Hunger is a potential pitfall in the basic weekday method and one excellent way to combat it is with black coffee. While the evidence is only correlative, dozens of studies show that regular coffee consumption is associated with many beneficial health effects in humans. Regarding type II diabetes, a massive 2009 systematic review and meta-analysis of 18 prospective studies with 457,922 patients showed each additional cup of coffee consumed per day to be associated with a 7% reduction in type II diabetes risk (8) and another 2009 study examining 40,011 patients over ten years showed that daily consumption of three or more cups of coffee a day is associated with a 42% reduction in type II diabetes (9). Regarding stroke, a 2008 study involving 25,556 male Finnish smokers over 13.6 years showed that high coffee intake is associated with a reduced risk of ischemic stroke (10) while the 2009 Nurses’ Health Study assessed 83,076 women over 24 years and found that those with the highest coffee consumption had the lowest risk of stroke (11). Regarding neurodegenerative disease, a 2009 study of 1,409 elderly patients over 11-26 years demonstrated that people consuming three to five cups a day had a 65% relative risk reduction in developing Alzheimer's disease compared to people drinking little or no coffee (12) while two separate systematic reviews have shown that not only do coffee drinkers have a 20-30% lower risk of developing Parkinson’s disease compared to non-coffee drinkers, but this risk reduction is not explained by bias or confounding variables (13,14); decaffeinated coffee shows no such protective effect in Parkinson’s disease (15). Finally, regarding all-cause mortality, an enormous 2012 study involving 402,260 patients over 13 years revealed that drinking six or more cups of coffee a day is associated with a 10-15% drop in all-cause mortality after adjusting for confounding variables (16). Bottom line, at least three cups of black coffee will be consumed on each weekday.
Table 2. Method for the catabolic weekdays.
(2) Anabolic weekend.
Weekends need to be anabolic, with an emphasis on muscle building and resetting to a low level of physiological ketosis. The cornerstones will be caloric excess and high intensity resistance exercise while there will be no significant fasting and dietary fat intake will be moderate. Carbohydrate intake will be increased tremendously.
(a) Caloric excess – around 200% recommended caloric intake.

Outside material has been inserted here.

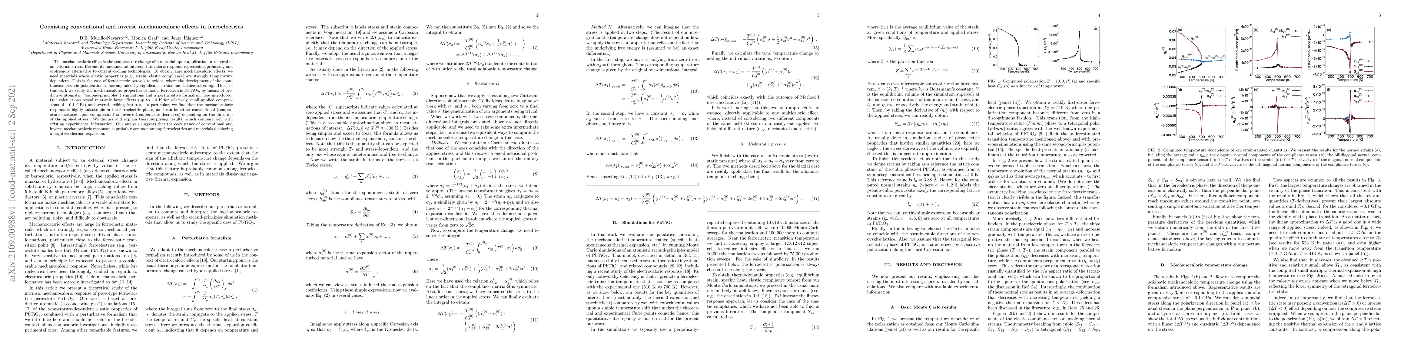 This paper investigates the mechanocaloric effects in ferroelectric PbTiO$_3$, revealing significant temperature changes under stress due to its temperature-dependent elastic properties. The study finds that the mechanocaloric response is highly anisotropic, exhibiting both conventional and inverse effects depending on the direction of applied stress, suggesting this coexistence is likely common among ferroelectric materials.

Caloric excess is necessary for building skeletal muscle, a tissue that has an underappreciated role in health and disease (17). In fact, it can be argued that the center of metabolic health lies in skeletal muscle, not the heart and lungs as is commonly thought (18). Skeletal muscle has several critical roles. First, it supplies the precursors for the liver to make glucose around the clock in the essential process of gluconeogenesis when glucose intake is low (although ketones can supply up to 75% of the brain’s energy requirements, the brain needs a small steady supply of glucose at all times) (17). Second, skeletal muscle acts as an amino acid reservoir for protein synthesis in vital tissues and organs when protein intake is low or during times of illness or trauma, situations in which the protein synthesis demands of the body may increase by four times or higher; it has been shown that patients with the lowest muscle mass are the least able to survive critical illness or trauma (19,20). Third, skeletal muscle directly contributes to the prevention of many common diseases including obesity, type II diabetes, and osteoporosis (17,18). Last but not least, skeletal muscle weakness is an independent risk factor for mortality in older adults - a 2006 study of 2,292 elderly men and women men over a period of five years showed lower grip and knee extension strength to be associated with increased mortality (21), a 1999 study of 6,040 middle-aged men over a period of 30 years showed lower grip strength to be associated with increased mortality (22), and a 1995 study of 1,142 elderly patients over a period of about four years showed lower grip and knee extension strength to be associated with increased mortality (23) - in these studies it was strength, not muscle mass, that predicted mortality. To improve strength, calories will be increased to around 200% recommended on the weekend; this may seem high but after five days of 24 hour fasting it is not difficult to eat twice as much as normal, quite the contrary - it is enjoyable.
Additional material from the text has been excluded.